Hard disk drives (HDD)

  • Also called magnetic disk drives, used in computers and laptops.

  • It provides high storage capacity and is cost-effective.

  • Large storage facilities also use this technology.

  • In a computer, it can store operating systems, user data and programs.

  • The disk is made of a magnetic surface, known as a platter

  • Digital data is stored in these magnetic platters

  • The disk can spin at around 7000 revolutions per second

  • Data can be accessed by a number of read-write heads on the surface

  • Moves from centre of disk to edge and back

Latency of HDD

  • Relatively high
  • Latency is defined as the time taken for a specific block of data to rotate around to the read-write head.
  • High latency leads to “not responding” and “please wait” messages increasing in frequency.

Solid State Drives (SSD)

  • The latency is reduced in SSD compared to HDD as there is no read/write head that needs to be moved.
  • Data is stored and retrieved using the electronic properties of NAND chips.
  • This type of memory is used in USB devices to transfer information from one device to another.
  • Data stored in millions of transistors within the chip.


  • SSD have faster speeds but cost more
  • A combination of both can be used, with frequently needed data store on an SSD and less frequently loaded data stored on an HDD.

Optical Storage Systems

  • CD, DVD, Blu-ray discs use optics to store data.

  • The surface of CDs and DVDs are made of light-sensitive organic dyes or metal alloys.

  • Data is read and written using a laser light.

  • DVDs (4.7 GB) can store large amounts of data compared to CDs (800 MB).

  • Blu-ray discs use blue laser light and can hold up to 50 GB. Used to store music, movies, and games.

  • The time taken to transfer information to these devices is comparatively higher than HDD.

  • After data is stored, it cannot be overwritten. Some do support being overwritten, however it is very limited.
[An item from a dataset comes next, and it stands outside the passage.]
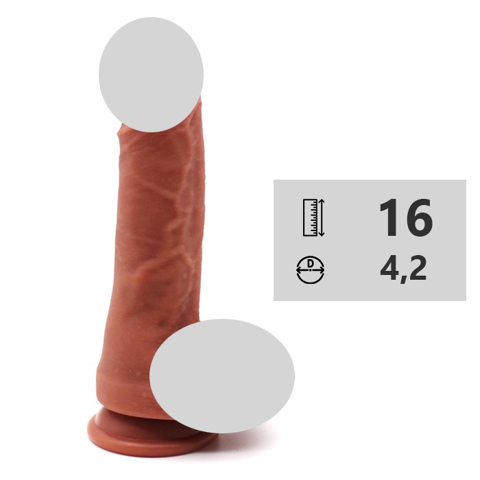 Игрушка столь же эффектно выглядит, как и фаллоимитаторы из кибер-кожи, но при этом менее притязательна к режиму хранения и очистке. Имеет двухслойную конструкцию – плотный, упругий стержень покрыт слоем нежного, мягкого как человеческая кожа материала. Это создает максимально реалистичный эффект. Дизайн также достоверно копирует облик мужского полового члена - ствол исчерчен венками, жилками и бугорками, имитирующими естественную текстуру возбужденного пениса. Внизу имеется фактурная мошонка с двумя четко обозначенными яичками, под которой имеется присоска для крепления на гладких поверхностях.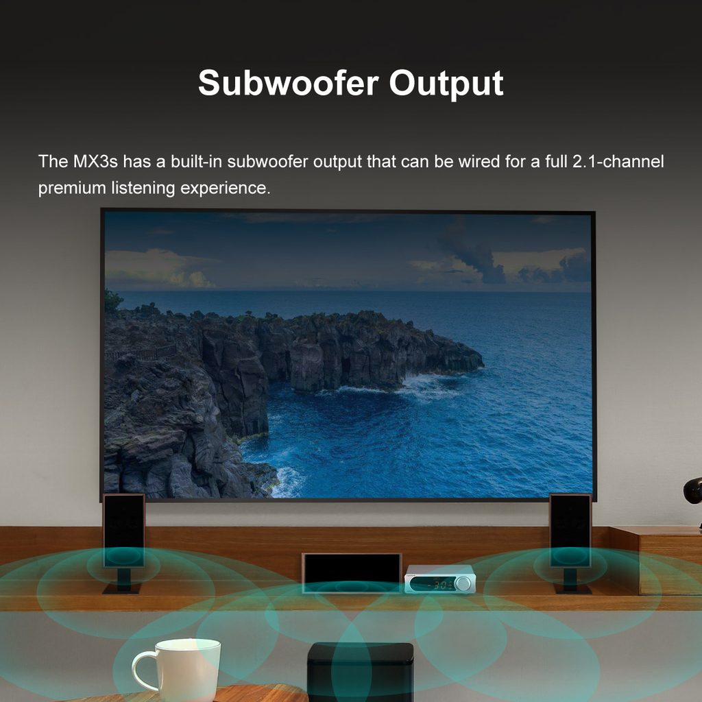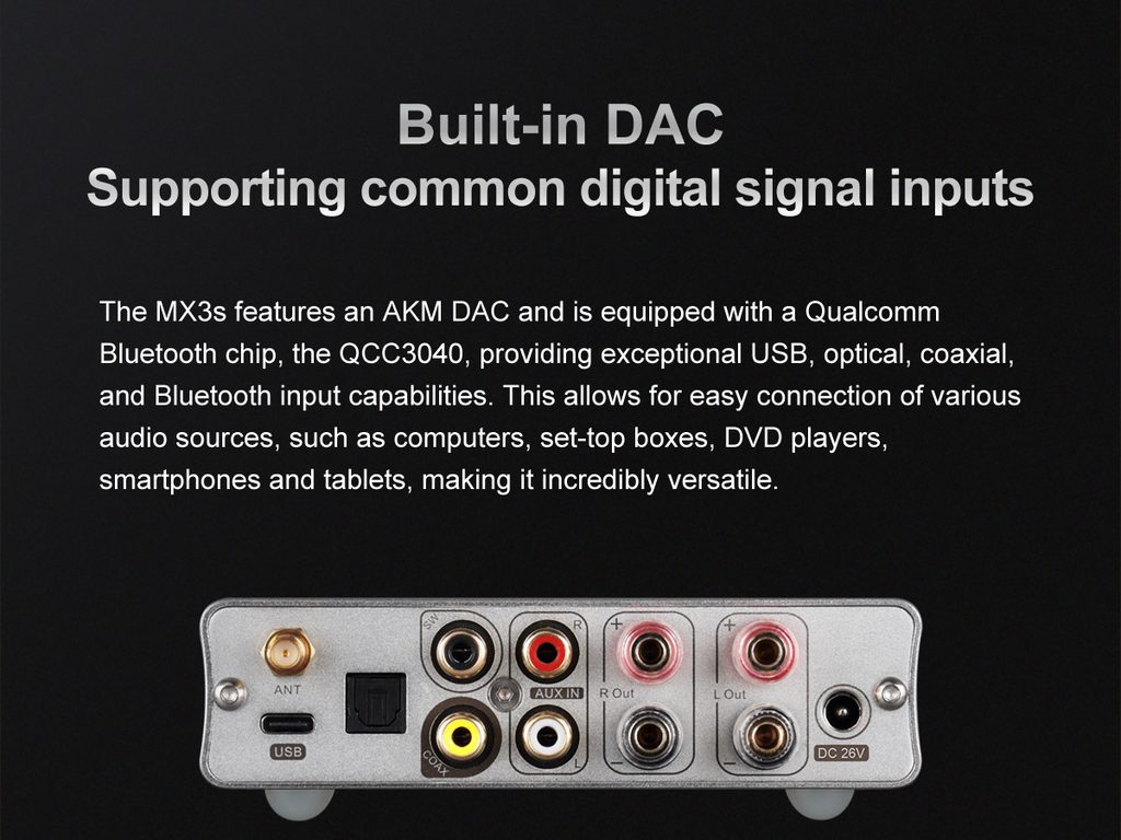 DAC / sluchátkový zesilovač / výkonový zesilovač / Bluetooth přijímač v jediném přístroji. Výkon 2x 50 W, 2x 700 mW pro sluchátka. Vstupy Bluetooth, USB, Optika, Coax, Aux. DAC podporuje až 192 kHz / 24 bit, nechybí výstup pro subwoofer ani dálkové ovládání v balení.

  • The clear plastic layer on the surface allows the laser light to pass through.

  • The colour changes in the dye layer when light falls on it.

Types of memory access

  • Memory can be accessed sequentially or directly. Different devices work in different ways.

Sequential Memory Access

  • Allows user to access data one by one in a sequence.
  • Sequential memory access is slower than direct memory access.
  • Eg, film reel

Direct (Random) Memory Access

  • Any storage location can be accessed at any moment—such as a DVD.